I don’t tend to like movies that use grey as their primary color, and Atomic Blonde uses an awful lot of grey, but it works here because they use it exclusively to allow pops of other color.  Berlin is dreary and sedate in this film but none of the characters are.  Everyone has something about them that jumps off the screen be it hair, clothes, some kind of prop.  Lorraine gets all three.  The locations sometimes defy belief (there were neon pink lights in flop house hotels in 1989 Berlin?) but I like beyond belief if it lends itself to a better looking film.  Atomic Blonde is slick without being shiny and that’s worth a lot for a movie that’s supposed to be set in such a pivotal moment.  I would roll my eyes at any movie that wanted to end with the backdrop of fireworks, but if the Berlin Wall is falling and the fireworks look like the kind of thing you see from people in cities where fireworks are illegal it kind of makes it okay.
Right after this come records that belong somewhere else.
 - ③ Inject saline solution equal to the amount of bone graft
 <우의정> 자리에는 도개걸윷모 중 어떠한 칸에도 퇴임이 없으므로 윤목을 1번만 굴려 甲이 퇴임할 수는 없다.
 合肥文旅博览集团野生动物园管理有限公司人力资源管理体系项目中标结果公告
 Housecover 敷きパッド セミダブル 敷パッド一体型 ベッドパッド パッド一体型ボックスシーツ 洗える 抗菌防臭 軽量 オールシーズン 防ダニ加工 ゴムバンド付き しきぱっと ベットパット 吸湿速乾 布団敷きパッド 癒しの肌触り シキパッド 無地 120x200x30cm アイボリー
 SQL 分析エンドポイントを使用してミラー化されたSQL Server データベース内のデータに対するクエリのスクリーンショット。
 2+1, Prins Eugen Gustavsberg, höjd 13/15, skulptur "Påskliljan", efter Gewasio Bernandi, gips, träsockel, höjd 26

I would absolutely watch Atomic Blonde if I saw it on HBO, I might even buy the graphic novel to see if it makes the plot any easier to understand.  I appreciate that I seem like a hypocrite for praising this movie after slagging a movie with similar attributes a week ago, but I don’t care.  Cool counts.  Atomic Blonde is cool and catchy and sticks with you.  It pushes itself above mediocrity through grit, charisma, and gumption.